> Prompt
Return exactly the listing's lines, from its first line to the line holding "隔离费用自理,单间每人700", ends included.

◇ ◇ ◇ ◇ ◇

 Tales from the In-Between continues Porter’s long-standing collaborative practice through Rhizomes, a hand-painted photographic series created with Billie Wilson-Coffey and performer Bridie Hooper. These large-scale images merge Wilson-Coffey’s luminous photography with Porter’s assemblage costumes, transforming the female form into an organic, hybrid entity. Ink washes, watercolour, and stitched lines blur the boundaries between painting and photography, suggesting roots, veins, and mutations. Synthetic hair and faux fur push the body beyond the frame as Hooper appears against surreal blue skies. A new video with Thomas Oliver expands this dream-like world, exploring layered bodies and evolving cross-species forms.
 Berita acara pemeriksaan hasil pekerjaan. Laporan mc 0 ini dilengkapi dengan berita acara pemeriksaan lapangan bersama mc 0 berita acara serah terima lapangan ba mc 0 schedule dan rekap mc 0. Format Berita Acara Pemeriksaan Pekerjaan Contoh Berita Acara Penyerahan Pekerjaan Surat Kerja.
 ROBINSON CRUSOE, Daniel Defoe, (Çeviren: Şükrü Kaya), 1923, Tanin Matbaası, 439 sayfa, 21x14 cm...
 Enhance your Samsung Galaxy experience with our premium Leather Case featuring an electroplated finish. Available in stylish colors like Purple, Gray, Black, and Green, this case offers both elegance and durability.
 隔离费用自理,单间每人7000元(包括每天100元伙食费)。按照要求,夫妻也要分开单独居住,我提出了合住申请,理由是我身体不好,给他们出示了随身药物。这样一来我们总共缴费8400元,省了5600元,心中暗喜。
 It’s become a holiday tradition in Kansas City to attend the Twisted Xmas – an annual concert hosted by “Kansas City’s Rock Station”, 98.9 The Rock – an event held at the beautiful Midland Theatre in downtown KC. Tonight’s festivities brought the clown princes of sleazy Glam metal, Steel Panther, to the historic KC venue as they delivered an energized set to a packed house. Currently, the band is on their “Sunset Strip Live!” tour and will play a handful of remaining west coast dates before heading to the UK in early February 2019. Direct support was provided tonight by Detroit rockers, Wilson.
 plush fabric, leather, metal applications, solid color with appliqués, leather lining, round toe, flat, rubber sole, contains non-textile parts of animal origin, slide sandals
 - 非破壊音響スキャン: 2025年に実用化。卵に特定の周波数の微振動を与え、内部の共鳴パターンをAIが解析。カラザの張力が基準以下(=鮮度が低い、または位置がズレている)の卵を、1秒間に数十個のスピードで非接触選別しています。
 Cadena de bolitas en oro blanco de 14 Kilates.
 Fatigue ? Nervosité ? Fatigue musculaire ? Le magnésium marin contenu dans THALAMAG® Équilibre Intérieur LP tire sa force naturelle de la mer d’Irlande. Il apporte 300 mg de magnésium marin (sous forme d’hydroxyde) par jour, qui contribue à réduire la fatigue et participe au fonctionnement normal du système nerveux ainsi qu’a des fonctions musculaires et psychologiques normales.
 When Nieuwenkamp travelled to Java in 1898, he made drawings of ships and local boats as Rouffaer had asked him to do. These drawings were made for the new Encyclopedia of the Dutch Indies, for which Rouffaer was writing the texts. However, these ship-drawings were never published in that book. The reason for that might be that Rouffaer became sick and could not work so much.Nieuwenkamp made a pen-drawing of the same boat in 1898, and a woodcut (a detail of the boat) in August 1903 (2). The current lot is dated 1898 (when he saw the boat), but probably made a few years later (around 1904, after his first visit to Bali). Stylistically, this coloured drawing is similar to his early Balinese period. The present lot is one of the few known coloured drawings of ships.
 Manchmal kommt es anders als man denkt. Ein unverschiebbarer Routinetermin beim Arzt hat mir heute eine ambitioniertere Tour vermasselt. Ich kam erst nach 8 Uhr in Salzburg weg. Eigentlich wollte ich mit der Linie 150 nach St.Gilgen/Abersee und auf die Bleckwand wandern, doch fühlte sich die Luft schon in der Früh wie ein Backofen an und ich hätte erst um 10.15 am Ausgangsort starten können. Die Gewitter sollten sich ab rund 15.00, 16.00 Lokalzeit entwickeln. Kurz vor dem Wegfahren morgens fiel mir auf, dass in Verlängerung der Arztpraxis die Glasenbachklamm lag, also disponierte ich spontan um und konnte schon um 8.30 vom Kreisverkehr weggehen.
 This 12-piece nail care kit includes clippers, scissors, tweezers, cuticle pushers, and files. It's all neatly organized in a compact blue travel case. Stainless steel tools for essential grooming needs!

◇ ◇ ◇ ◇ ◇

> Task output
 Tales from the In-Between continues Porter’s long-standing collaborative practice through Rhizomes, a hand-painted photographic series created with Billie Wilson-Coffey and performer Bridie Hooper. These large-scale images merge Wilson-Coffey’s luminous photography with Porter’s assemblage costumes, transforming the female form into an organic, hybrid entity. Ink washes, watercolour, and stitched lines blur the boundaries between painting and photography, suggesting roots, veins, and mutations. Synthetic hair and faux fur push the body beyond the frame as Hooper appears against surreal blue skies. A new video with Thomas Oliver expands this dream-like world, exploring layered bodies and evolving cross-species forms.
 Berita acara pemeriksaan hasil pekerjaan. Laporan mc 0 ini dilengkapi dengan berita acara pemeriksaan lapangan bersama mc 0 berita acara serah terima lapangan ba mc 0 schedule dan rekap mc 0. Format Berita Acara Pemeriksaan Pekerjaan Contoh Berita Acara Penyerahan Pekerjaan Surat Kerja.
 ROBINSON CRUSOE, Daniel Defoe, (Çeviren: Şükrü Kaya), 1923, Tanin Matbaası, 439 sayfa, 21x14 cm...
 Enhance your Samsung Galaxy experience with our premium Leather Case featuring an electroplated finish. Available in stylish colors like Purple, Gray, Black, and Green, this case offers both elegance and durability.
 隔离费用自理,单间每人7000元(包括每天100元伙食费)。按照要求,夫妻也要分开单独居住,我提出了合住申请,理由是我身体不好,给他们出示了随身药物。这样一来我们总共缴费8400元,省了5600元,心中暗喜。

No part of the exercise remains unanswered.